Beibei Cai, Sandra H. Chang, Esther B. E. Becker, Azad Bonni, and Zhengui Xia^¶1

From the Toxicology Program, Department of Environmental and Occupational Health Sciences, ^¶Graduate Program in Neurobiology and Behavior, University of Washington, Seattle, Washington 98195-7234, and Program in Biological and Biomedical Sciences, Department of Pathology, Harvard Medical School, Boston, Massachusetts 02115

The stress-activated c-Jun N-terminal protein kinase (JNK) and p38 mitogen-activated protein (MAP) kinase (p38) regulate apoptosis induced by several forms of cellular insults. Potential targets for these kinases include members of the Bcl-2 family proteins, which mediate apoptosis generated through the mitochondria-initiated, intrinsic cell death pathway. Indeed, the activities of several Bcl-2 family proteins, both pro- and anti-apoptotic, are controlled by JNK phosphorylation. For example, the pro-apoptotic activity of Bim_EL, a member of the Bcl-2 family, is stimulated by JNK phosphorylation at Ser-65. In contrast, there is no reported evidence that p38-induced apoptosis is due to direct phosphorylation of Bcl-2 family proteins. Here we report evidence that sodium arsenite-induced apoptosis in PC12 cells may be due to direct phosphorylation of Bim_EL at Ser-65 by p38. This conclusion is supported by data showing that ectopic expression of a wild type, but not a non-phosphorylatable S65A mutant of Bim_EL, potentiates sodium arsenite-induced apoptosis and by experiments showing direct phosphorylation of Bim_EL at Ser-65 by p38 in vitro. Furthermore, sodium arsenite induced Bim_EL phosphorylation at Ser-65, which was blocked by p38 inhibition. This study provides the first example whereby p38 induces apoptosis by phosphorylating a member of the Bcl-2 family and illustrates that phosphorylation of Bim_EL on Ser-65 may be a common regulatory point for cell death induced by both JNK and p38 pathways.

Received for publication, November 28, 2005 , and in revised form, June 21, 2006.

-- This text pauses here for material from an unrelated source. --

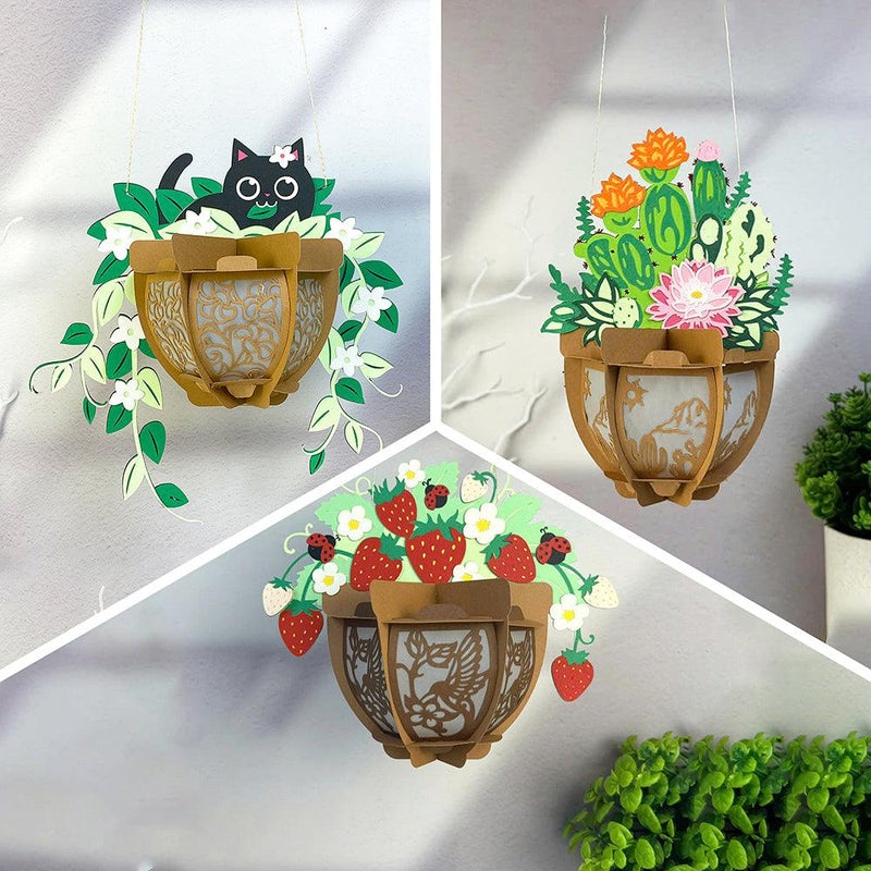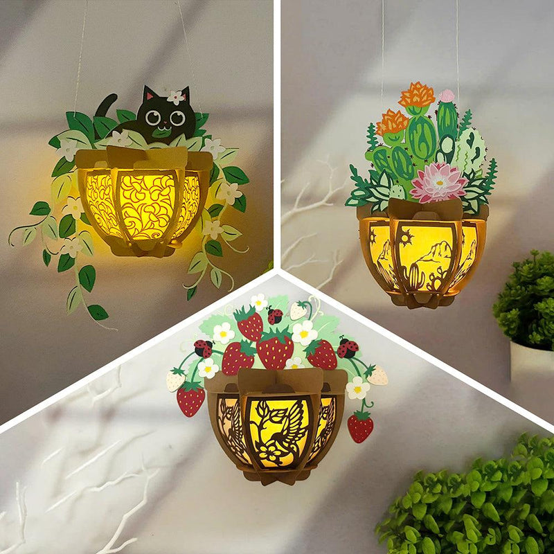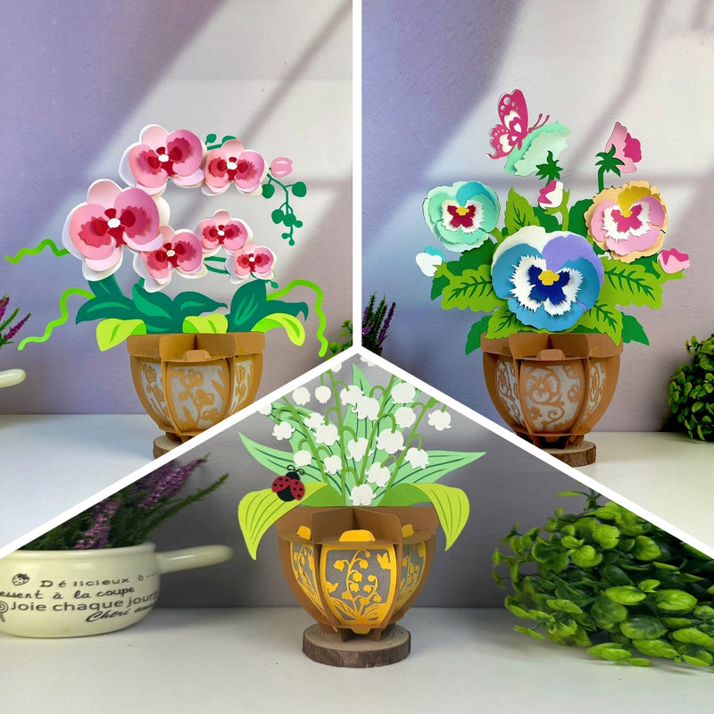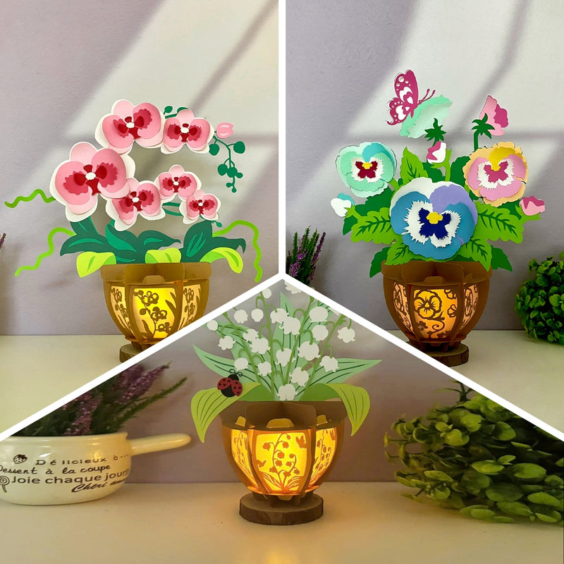 Pack 3 Different Flower Pot 3 - 3D Flower Pot Lantern File - Cricut File - LightBoxGoodMan

^* This work was supported by Grants ES 012215 and NS44069 (to Z. X.) and NS421021 (to A. B.). The costs of publication of this article were defrayed in part by the payment of page charges. This article must therefore be hereby marked "advertisement" in accordance with 18 U.S.C. Section 1734 solely to indicate this fact.

¹ To whom correspondence should be addressed: Dept. of Environmental and Occupational Health Sciences, University of Washington, Box 357234, Seattle, WA 98195-7234. Tel.: 206-616-9433; Fax: 206-685-3990; E-mail: zxia{at}u.washington.edu.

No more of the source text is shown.